L'Algérie au fond du trou !

Image retirée.Comment accepter qu'on continue comme ça ? Comment accepter de vivre, la peur au ventre, que les lendemains seront, peut-être, pires qu'aujourd'hui ? Comment concevoir qu'à quelques mois de la présidentielle de 2019, rien n'est clair pour les Algériens ? Qui va nous dire, par exemple, pourquoi de grands changements, limogeages de généraux pour ne pas cacher le mot, sont opérés en moins d'un mois dans la haute hiérarchie militaire ?

Puis, comment peut-on nous expliquer, en haut lieu, qu'entre seulement le mois de mai et août dernier, environ 3.600 milliards de dinars (25 milliards de d'euros) sont imprimés, sans que rien ne puisse changer dans le quotidien de nos citoyens ?

Pourquoi on est comme ça, pardi, une rare espèce de «planificateurs de dernière minute», sans stratégie communicative ni vision d'avenir ? 

C'est très facile de relancer la planche à billets, mais allons prévoir la suite ! Et savoir que le gouvernement compte accélérer encore davantage, pour boucler l'exercice budgétaire de 2018, l'impression des billets et la dégradation des réserves de change à près de 34 milliards de dollars d'ici 2021, alors qu'elles étaient de l'ordre de 195 milliards en juin 2014, donne vraiment des vertiges à la tête. Et pendant tout ce temps, tonton FMI et ses experts attitrés critiquent sévèrement nos hésitations, nos dérobades et nos mauvais calculs, les yeux rivés sur nos puits de pétrole !
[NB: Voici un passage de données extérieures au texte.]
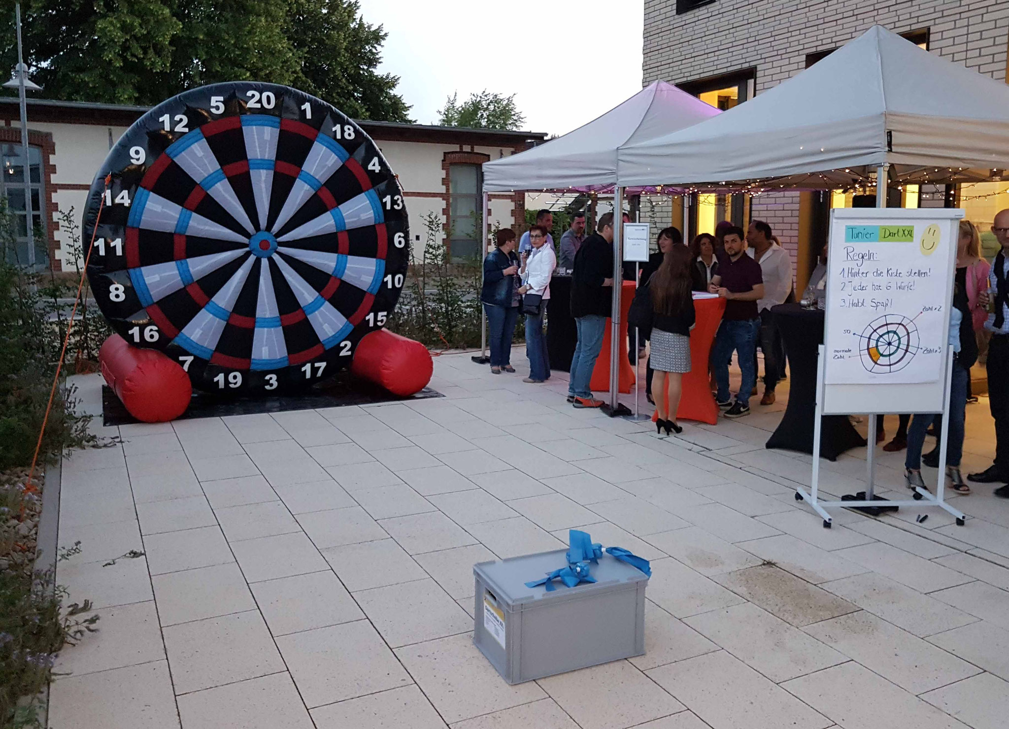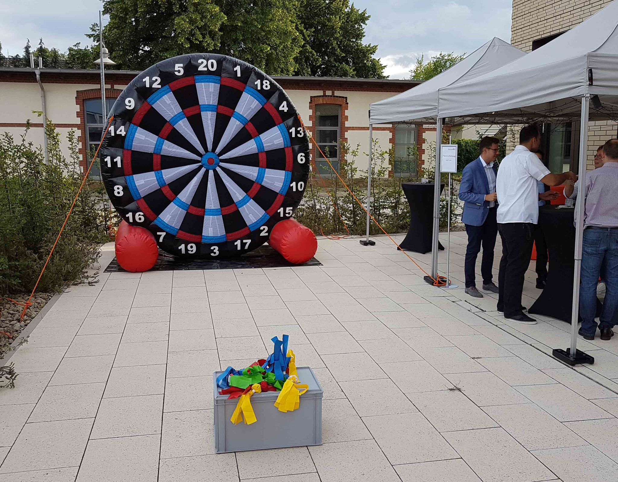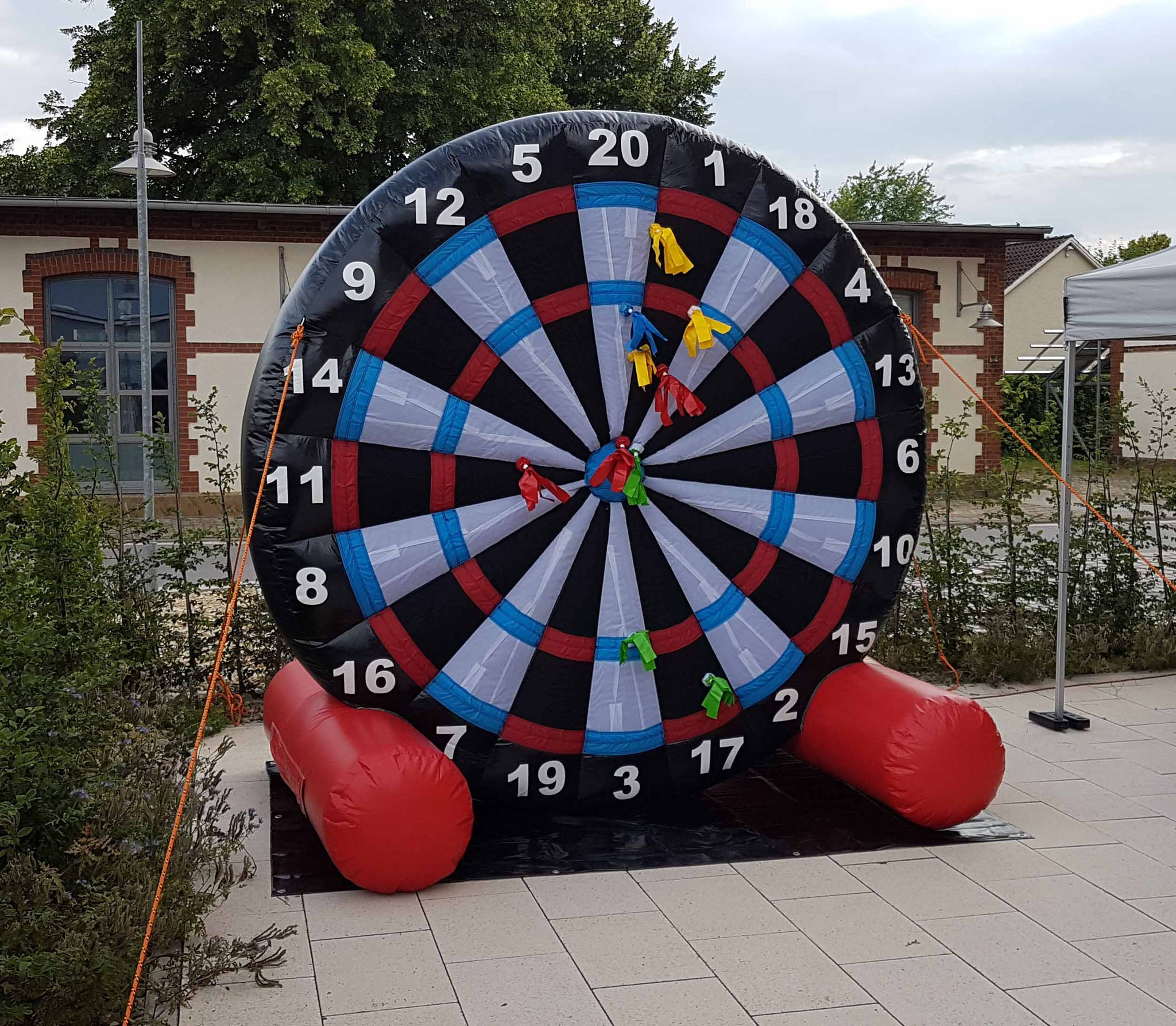 Spielprinzip wie bei einer normalen Dartscheibe, nur dass unsere 3m Durchmesser hat und man aus 5-15m Entfernung wirft.

Déjà, ce «fonds stimulateur de faillite des nations», si j'ose l'expression, nous a avertis des graves déséquilibres budgétaires, des tensions inflationnistes et de l'accélération de la perte des réserves de change que peut causer cette planche à billets ! N'est-il pas en train de nous proposer ses services, au cas où... 

Il est fort à craindre qu'après avoir perdu le contrôle du gouvernail du bateau, l'exécutif ne saura freiner sa glissade au naufrage.

Puis, y a-t-il quelqu'un dans la salle pour nous dire où sont passées les déclarations «alarmistes» de Ahmed Ouyahia ? Celui-ci s'est inquiété, on s'en souvient tous, il y a plus d'un an que l'Etat ne soit en mesure de payer ses propres fonctionnaires? Et depuis, aucune réaction, rien ! L'unique remède qu'il a trouvé est, semble-t-il, d'augmenter les frais de production des documents biométriques, au moment où nos jeunes, parfois hyper-diplômés, prennent la route de l'Europe en clandestins. Où va-t-on comme ça, mon Dieu ? Faut-il leur répéter combien de fois cette question pour qu'ils comprennent qu'on est au fond du trou ? Je parle de nos responsables, bien sûr.